• [Try it]:
An exact copy is required of every line from the one with "Shy Girl] | |" through the end of the data below, and the pictures must stay out of it.

• [Records provided]:
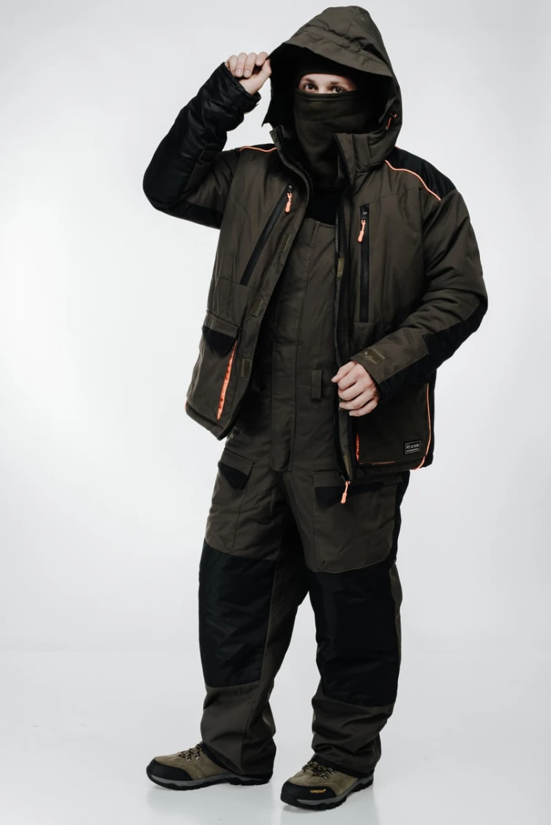 Костюм складається з напівкомбінезону та куртки. Продуманий до дрібниць. Утеплений каптур. Високотехнологічна мембрана забезпечує відмінну терморегуляцію. Якісна захисна змійка. Фіксація кишень на липучці. Верхній шар тканини – водовідштовхувальний таслан. Енергозберігаючий утеплювач – тинсулейт. Морозостійкий матеріал. Багатошарова мембранна тканина.
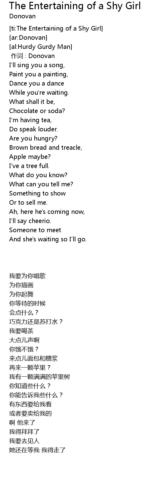 | [ti:The Entertaining of a Shy Girl] | |
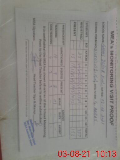 | Attendance Register | Head Teacher | MEA with School | Visit Proof |
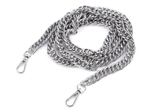Kovová retiazka je vhodná na menšie kabelky, listové kabelky a puzdrá na mobilné telefóny. Na oboch jeho koncoch nájdete pripevnené karabínky. Retiazka nie je určená na veľkú záťaž. Variant č. 2 (ružové zlato) má šírku 8 mm a dĺžku 110 cm.
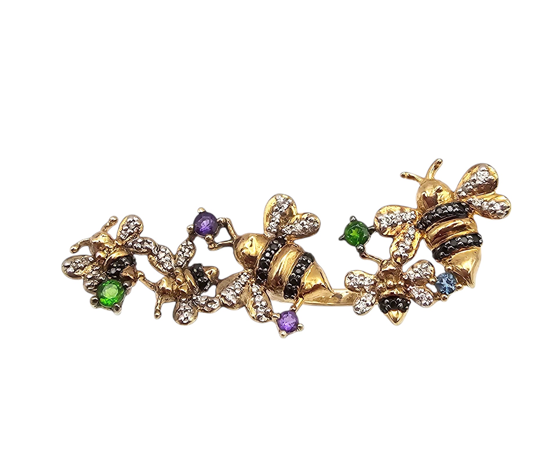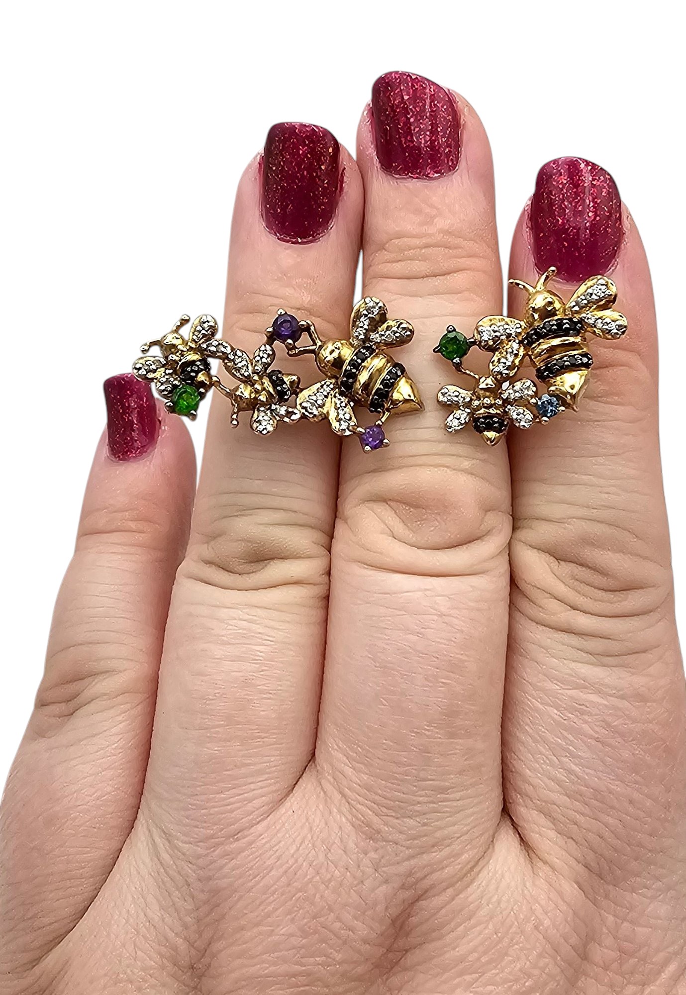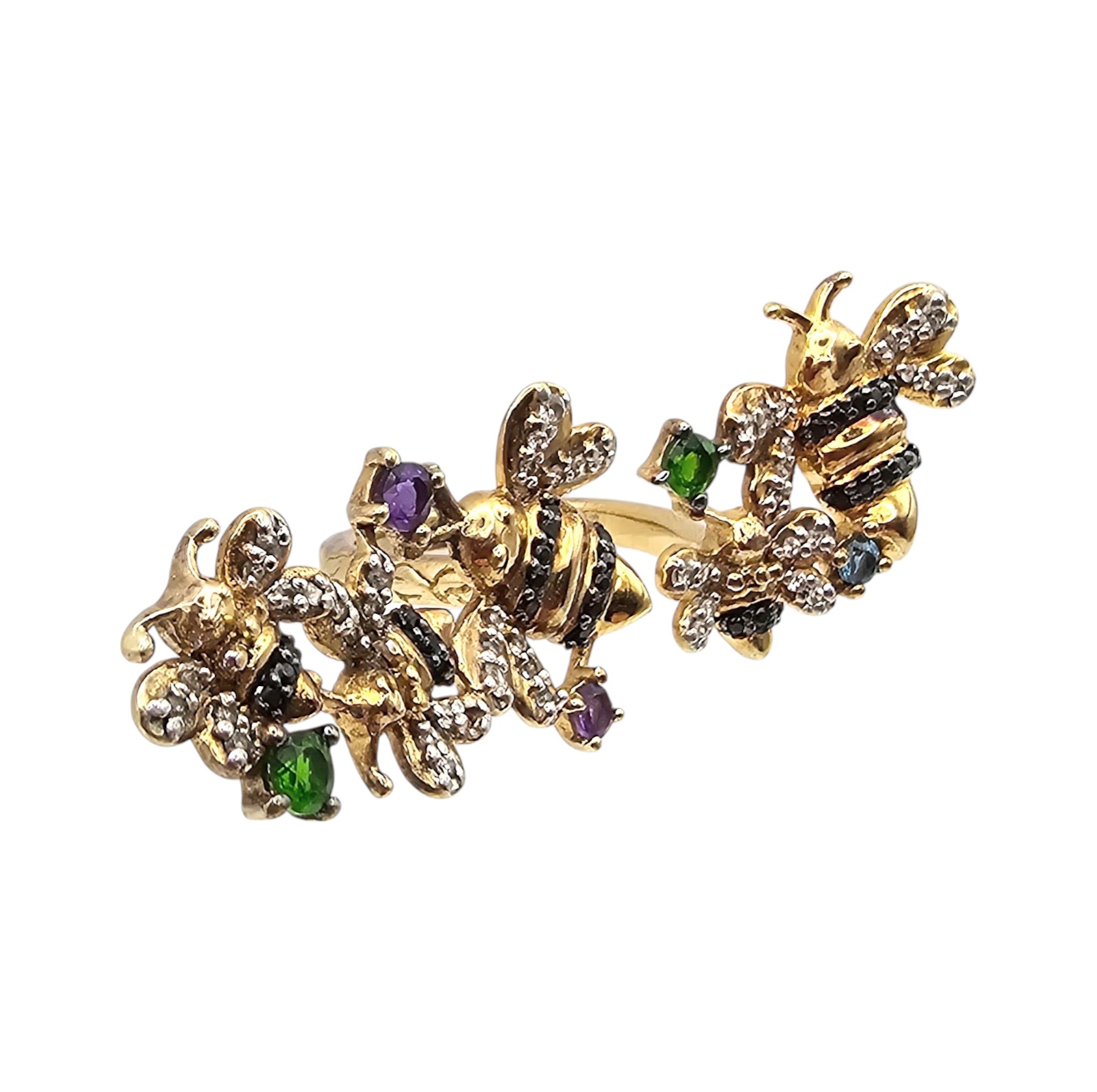 STS Multi Gemstone Gold Over Sterling Silver Bee Ring Size 5.25 7.7 G

• [Exercise answer]:
 | [ti:The Entertaining of a Shy Girl] | |
 | Attendance Register | Head Teacher | MEA with School | Visit Proof |
Kovová retiazka je vhodná na menšie kabelky, listové kabelky a puzdrá na mobilné telefóny. Na oboch jeho koncoch nájdete pripevnené karabínky. Retiazka nie je určená na veľkú záťaž. Variant č. 2 (ružové zlato) má šírku 8 mm a dĺžku 110 cm.
 STS Multi Gemstone Gold Over Sterling Silver Bee Ring Size 5.25 7.7 G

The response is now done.